* **Input data**:
_ _ _ _ _ _ _

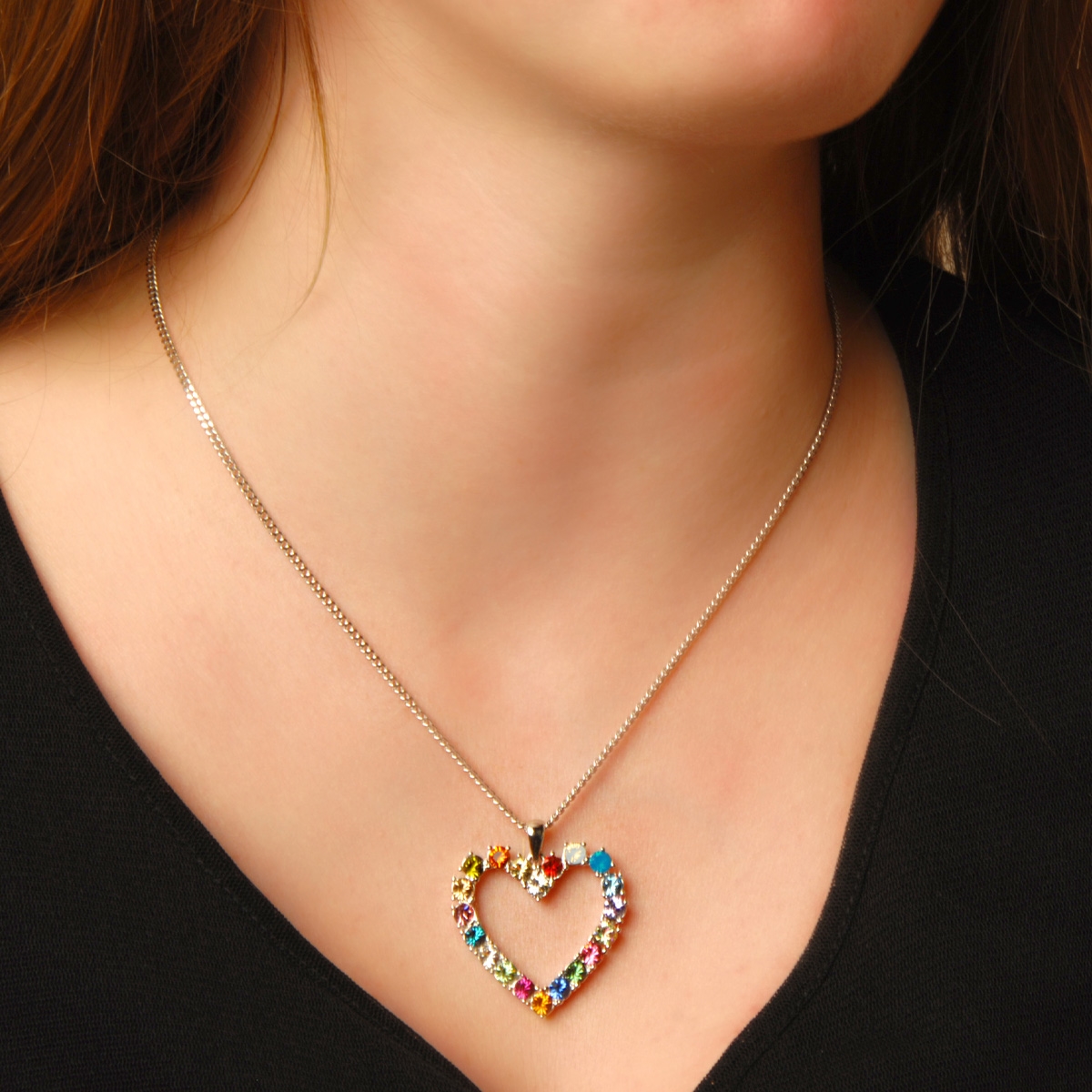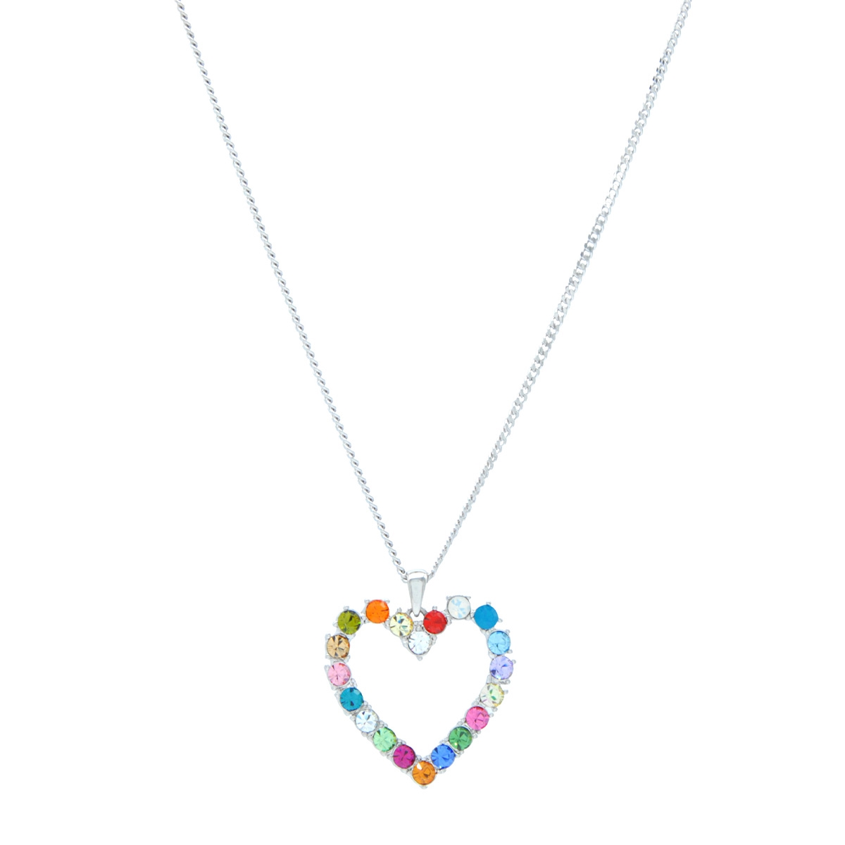 Bold, bright and full of color our shimmering "You Are My Sunshine" heart pendant boasts a radiant rainbow of Swarovski crystal suspended from a sleek 19" designer chain. Nickel and lead free jewellery.
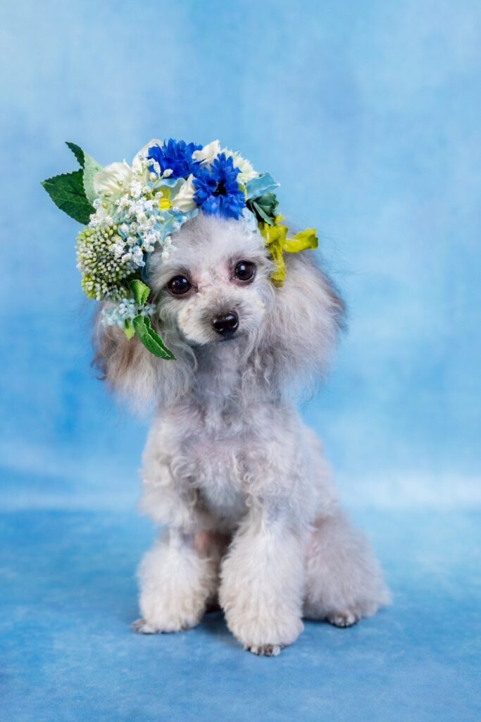 • お花を被るのが苦手なワンちゃんには無理強いせず、ワンちゃんのみの撮影も可能ですのでご安心ください。
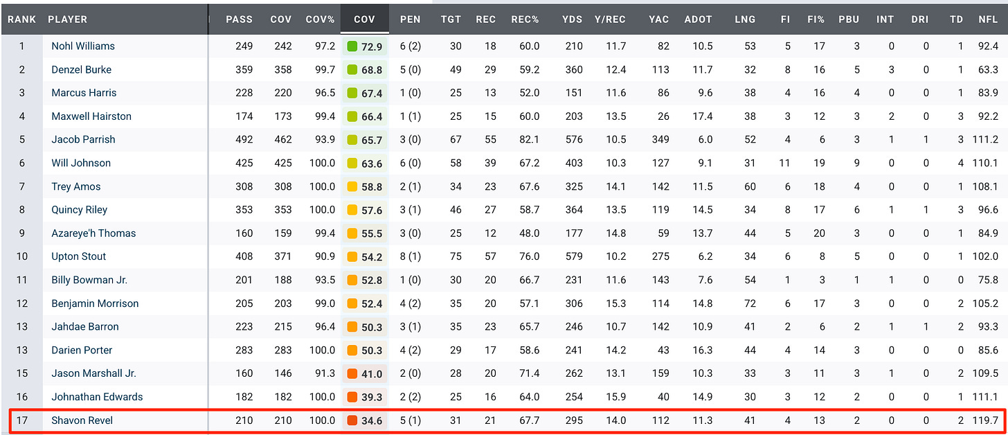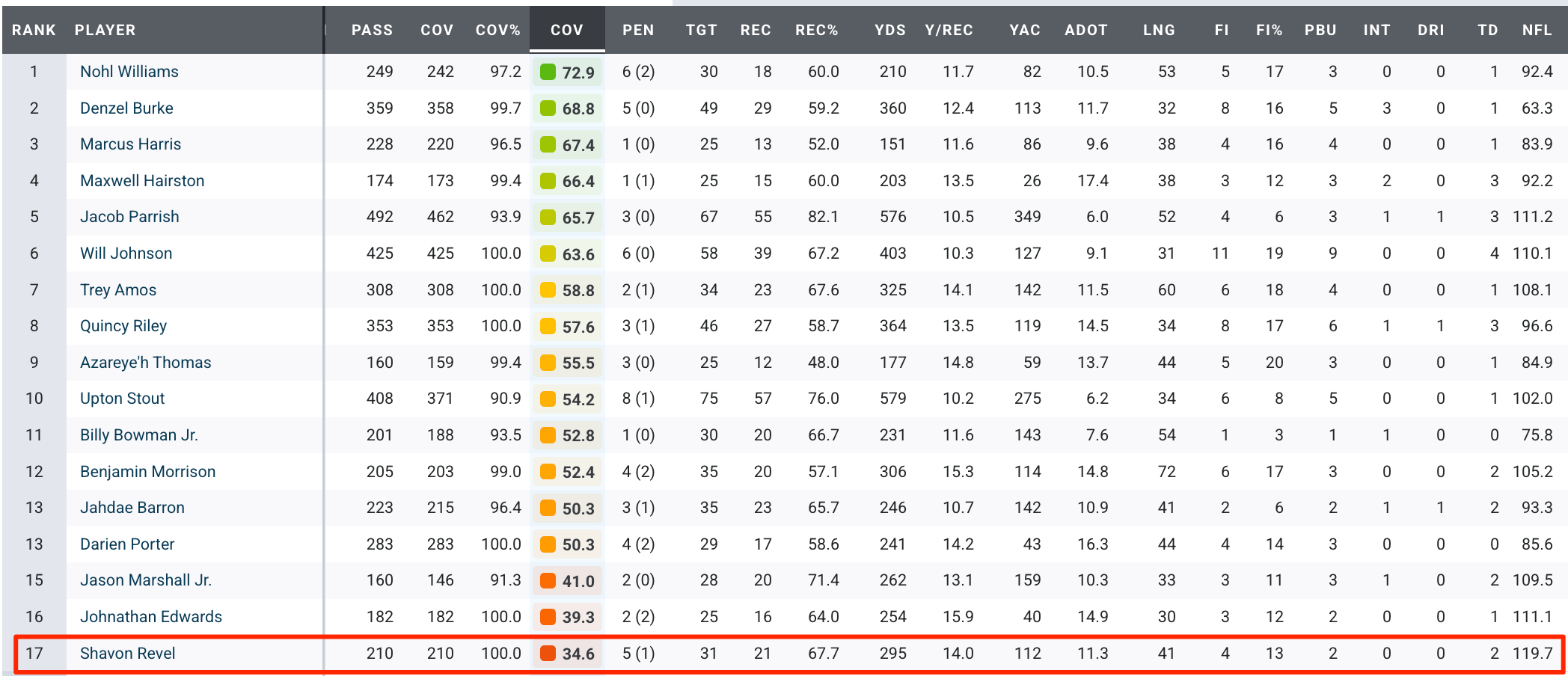 But, this has been a bumpy rookie season since he got on the field in November. In fact, according to PFF, there are 17 rookie corners in the league who have played enough snaps to be graded and Revel is 17th of the 17. That doesn’t offer much context, but if you are watching the games, you can see the opponents are going after him without much mercy.

_ _ _ _ _ _ _

* **How to complete this task**:
The pictures stay out; copy the rest of the data word for word.

* **Response box**:
 Bold, bright and full of color our shimmering "You Are My Sunshine" heart pendant boasts a radiant rainbow of Swarovski crystal suspended from a sleek 19" designer chain. Nickel and lead free jewellery.
 • お花を被るのが苦手なワンちゃんには無理強いせず、ワンちゃんのみの撮影も可能ですのでご安心ください。
 But, this has been a bumpy rookie season since he got on the field in November. In fact, according to PFF, there are 17 rookie corners in the league who have played enough snaps to be graded and Revel is 17th of the 17. That doesn’t offer much context, but if you are watching the games, you can see the opponents are going after him without much mercy.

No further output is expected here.